Clipboard (clipboard.ts, 84 lines)

  • Zero-dep cross-platform copy via spawn: pbcopy (macOS), wl-copyxclip (Linux), clip.exe (Windows/WSL).
  • Distinguishes ENOENT / exit-code / error states.

Spec-generator prompt

  • prompts/spec-generator-prompt.md: LLM generates docs/specs-initial.md from user requirement; instructs user to run --from-spec themselves (no install).
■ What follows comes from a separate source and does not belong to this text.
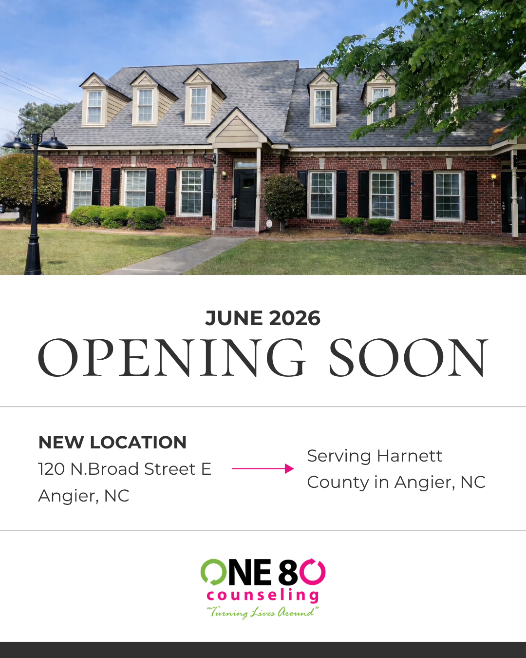One-Eighty Counseling currently serves six locations in North Carolina throughout the Triangle and the Coast.

JSON envelopes (cli-json.ts, 104 lines)

  • serializeList / serializeDryRun / serializeInstall / serializeError.
  • Typed error codes: cli-arg-invalid, spec-file-missing, install-missing-only, install-empty-only, install-unknown-id, prompt-file-missing, unknown-subcommand, internal-error.

Breaking change

  • autoskills prompt subcommand and --copy-prompt flag removed. Use --show-specgen-prompt / --copy-specgen-prompt instead.

Why This Change

Existing autoskills only detected tech via package.json / lockfiles / framework config files. This misses projects where the stack is declared in docs (CLAUDE.md, AGENTS.md, README.md, spec files) before code exists — the common greenfield / LLM-assisted workflow.

Goals:

  1. Detect skills from prose and code fences in markdown, not just dependency files — covers pre-code planning phase.
  2. Give LLM agents machine-readable output (--json) + a structured prompt (--copy-specgen-prompt) so Claude/Codex/other agents can drive skill selection end-to-end.
  3. Keep core behavior unchanged: scanner is opt-in (--from-spec / --scan-docs). Default autoskills still ignores markdown.

Testing Done

  • Manual testing completed
  • Automated tests pass locally (495/495)
  • Edge cases considered and tested

Test additions:

  • markdown-scanner.test.ts (341 lines): JSON / shell / yaml / toml / ruby fences, stack headings (bullets / numbered / inline / tables), heading decorations, alias matching, unicode-safe truncation, edge cases (empty, unterminated fence, 100 KB, cross-fence dedup).
  • cli-from-spec.test.ts, cli-json.test.ts, dry-run-json.test.ts, errors.test.ts, install-only.test.ts, load-md-sources.test.ts, merge-md.test.ts, subcommands.test.ts, subcommands-list-prompt.test.ts, clipboard.test.ts, copy-prompt.test.ts, helpers.test.ts, logging.test.ts.
  • Fixtures: tests/fixtures/specs/ (well-formed, only-fences, only-heading, empty, malformed) + tests/fixtures/projects/ (with-claude-md, with-agents-md, with-both).

Verification commands:

cd packages/autoskills
pnpm build    # tsc clean
pnpm test     # 495/495 pass

Backwards compat: core test suite unchanged (332 pre-existing tests still pass); REGRESSION guard ensures default run ignores CLAUDE.md.

Type of Change

  • fix: Bug fix
  • feat: New feature
  • refactor: Code refactoring
  • docs: Documentation
  • test: Tests
  • chore: Maintenance/tooling

Contains one BREAKING commit (7452cc7): --copy-prompt / prompt subcommand renamed.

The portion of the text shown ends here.